On Mon, Aug 31, 2015 at 7:55 PM, Tim Peters <tim.peters@gmail.com> wrote:
>
> [Alex]
> >> After some thought, I believe the way to fix the implementation is what I
> >> suggested at first: reset fold to 0 before calling utcoffset() in __hash__.
> >> A rare hash collision is a small price to pay for having datetimes with
> >> different timezones in the same dictionary.
>
> [Tim]
> > Ya, I can live with that. In effect, we give up on converting to UTC
> > correctly for purposes of computing hash(), but only in rare cases.

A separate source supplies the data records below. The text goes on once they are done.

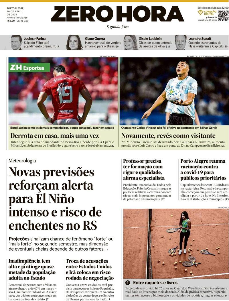 Fundado em 1964, em Porto Alegre, o jornal Zero Hora pertence ao Grupo RBS, que também controla emissoras de rádios e TVs no Rio Grande do Sul.
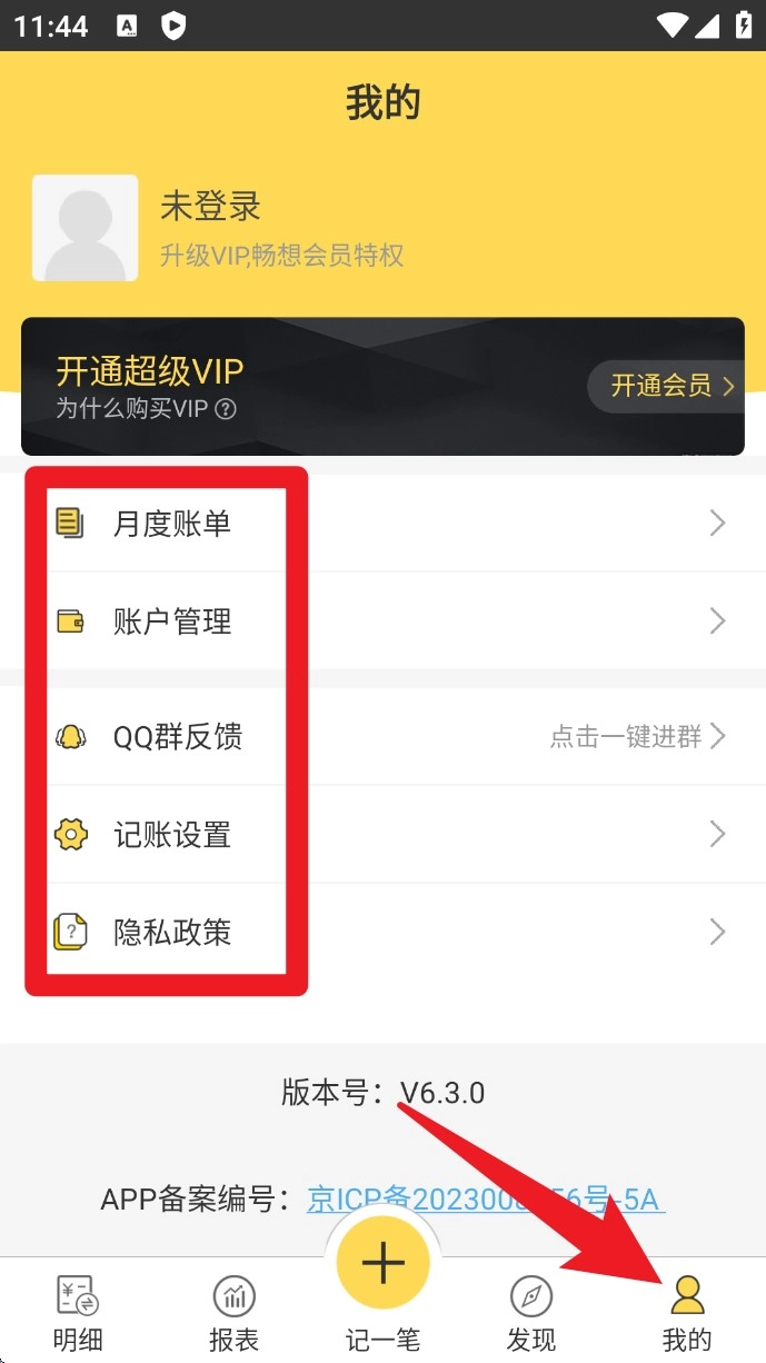 4.进入我的页面后,可浏览月度账单、管理账户、设置记账方式,还能查看隐私政策与加入QQ群反馈。
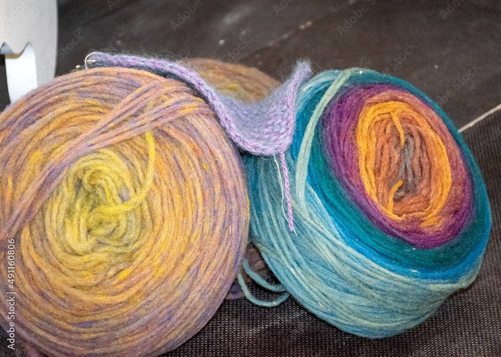 wool yarn threads, close-up of yarn texture, knitting as a hobby

> > hash() doesn't really care, and it remains true that datetime equality
> > (which does care) still implies hash equality. The later and earlier
> > of ambiguous times will simply land on the same hash chain.
>
> Nope, you wore me out prematurely ;-)
>
It's getting late in my TZ, but what you are saying below sounds like a complaint that if you put t=second 01:30 as a key in the dictionary, you cannot later retrieve it by looking up t.astimezone(timezone.utc). Sorry, but PEP 495 has never promised you that: "instances that differ only by the value of fold will compare as equal. Applications that need to differentiate between such instances should check the value of fold or convert them to a timezone that does not have ambiguous times."
Maybe if we decide to do something with the arithmetic, we will be able to fix this wart as well.
>
> Consider datetimes dt1 and dt2 representing the earlier & later of an
> ambiguous time in their common zone (whatever it may be - doesn't
> matter). Then all fields are identical except for `fold`. Assume
> __hash__ forces `fold` to 0 before obtaining the UTC offset. Then we
> have:
>
> dt1 == dt2
> hash(dt1) == hash(dt2)
>
> Fine so far as it goes. Now do:
>
> u1 = dt1.astimezone(timezone.utc)
> u2 = dt2.astimezone(timezone.utc)
>
> At this point we have:
>
> u1 == dt1 == dt2 == u2 and u1 < u2
> hash(dt1) == hash(dt2) == hash(u1)
>
> (Parenthetically, note that despite the chain of equalities in the
> first of those lines, we do _not_ have u1 == u2 - transitivity fails,
> which is a bit of a wart by itself.)
>
> Since u1 == dt1, and hash(u1) == hash(dt1), no problem there either.
>
> But u1 isn't at all the same as u2, so hash(u2) can be the same as
> hash(u1) only by (unlikely) accident. hash(u2) is off in a world of
> its own. Therefore hash(dt2) can be the same as hash(u2) only by (the
> same unlikely) accident, despite that dt2 == u2.
>
> So, in all, __hash__ forcing fold=0 at the start hides the problem for
> ambiguous times in the same zone, but doesn't really touch the problem
> for cross-zone equivalent spellings of such times (not even if one of
> the zones is UTC, which is likely the most important case).
>
> One way to fix that is to have datetime.__hash__() _always_ return, say, 0 ;-)